Moza crisis: SADC to resuscitate army

by | Apr 8, 2021 | International, Politics | 0 comments

Hosia Mviringi

The SADC Extraordinary Double Troika Summit ended in Mozambique yesterday with one of the major resolutions being the immediate resuscitation of the SADC regional standby force, the SADC Brigade, to ensure an immediate and effective deployment into the terror-stricken Cabo Delgado province of Mozambique.

Speaking on arrival from Maputo Mozambique last night, President Emmerson Mnangagwa stressed the importance of collective effort and responsibility for the intervention mission.

“We agreed to have SADC to take responsibility in dealing with the threat in Cabo Delgado in the sense that SADC through it’s intervention brigade, our SADC force should be resuscitated and capacitated immediately so that we can intervene, as SADC,” said President Mnangagwa.

Asked whether a decision was sealed for the SADC Force to go into Mozambique for an armed intervention, President Mnangagwa was unequivocal.

” Yes.
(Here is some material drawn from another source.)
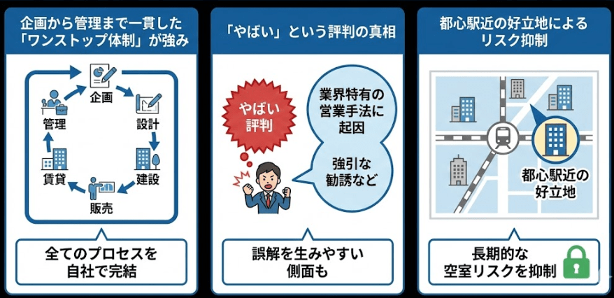 同社の事業は多岐にわたり、投資用マンションの企画・販売から、その後の賃貸管理までをカバーしています。
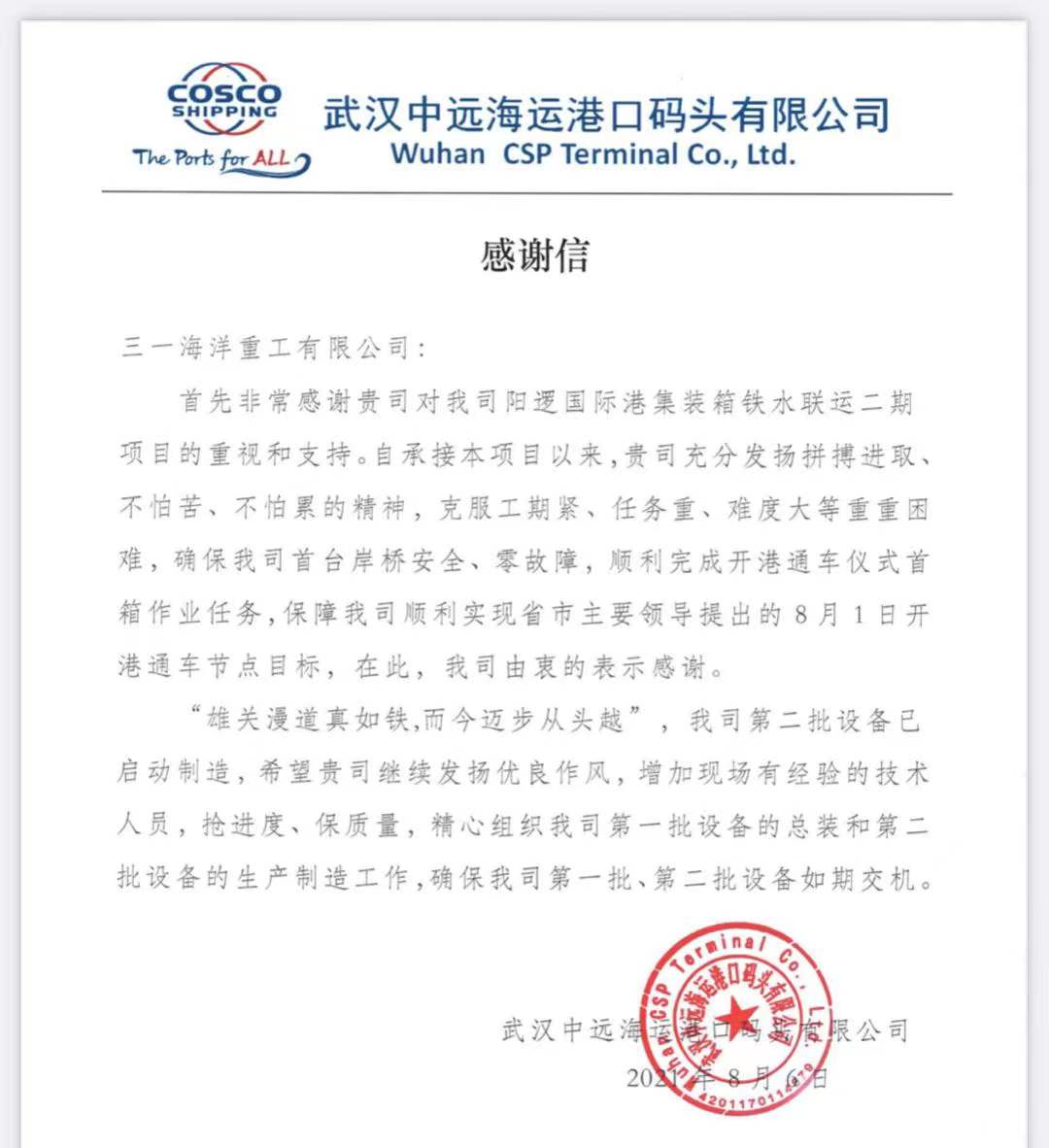 2021年8月1日,好体育投注网站参建的阳逻国际港集装箱水铁联运项目开港通车,实现了首次作业连续吊箱1000箱“0”故障的佳绩,平均效率达到37.67MOVE/H,全自动化作业在减少人工成本的同时提高了作业效率。作为好体育投注网站首个自主集成的自动化码头项目,好体育投注网站5台岸桥、13台场桥助力武汉智慧港口建设支点长江、港通全球。

What is happening now is that the Defence and Security Chiefs have the responsibility to implement decisions of the Double Troika,” he concluded.

Meanwhile, the Extraordinary Double Troika Summit authorised the immediate technical deployment of armed units into the troubled regions with the aim of making detailed assessment of the situation on the ground.
A report that will be submitted to the Organ Troika Summit on April 29 2021 will guide the next steps for the force.

The Cabo Delgado insurgency remains a thorn in the flesh for SADC and therefore its timeous resolution is in the best interests of all member states.
A spill over of the conflict into neighbouring states will deal a deadly blow to the relative peace that had become a hallmark of the region.

The establishment and sustenance of the SADC Standby Force or SADC Brigade as it is otherwise known has been marred with challenges that range between internal conflicts within member states, weak regional economic development, endemic poverty and lack of commitment to security cooperation between member states.
These factors have impacted negatively on the establishment and funding of the force for effective deployment in times of need.

The development of SADCBRIG is dependent on the economic situation of member countries.

Zimbabwe, Namibia and Angola undertook a costly emergency military intervention in the Democratic Republic of Congo in 1998 to defend sovereignty of that country which had come under attack from foreign funded insurgents, a mission which was individually funded from domestic resources, with dire financial consequences to their respective economies due to lack of a collective funding arrangement.
Thus the insistence on a collective approach to the current challenge in Mozambique.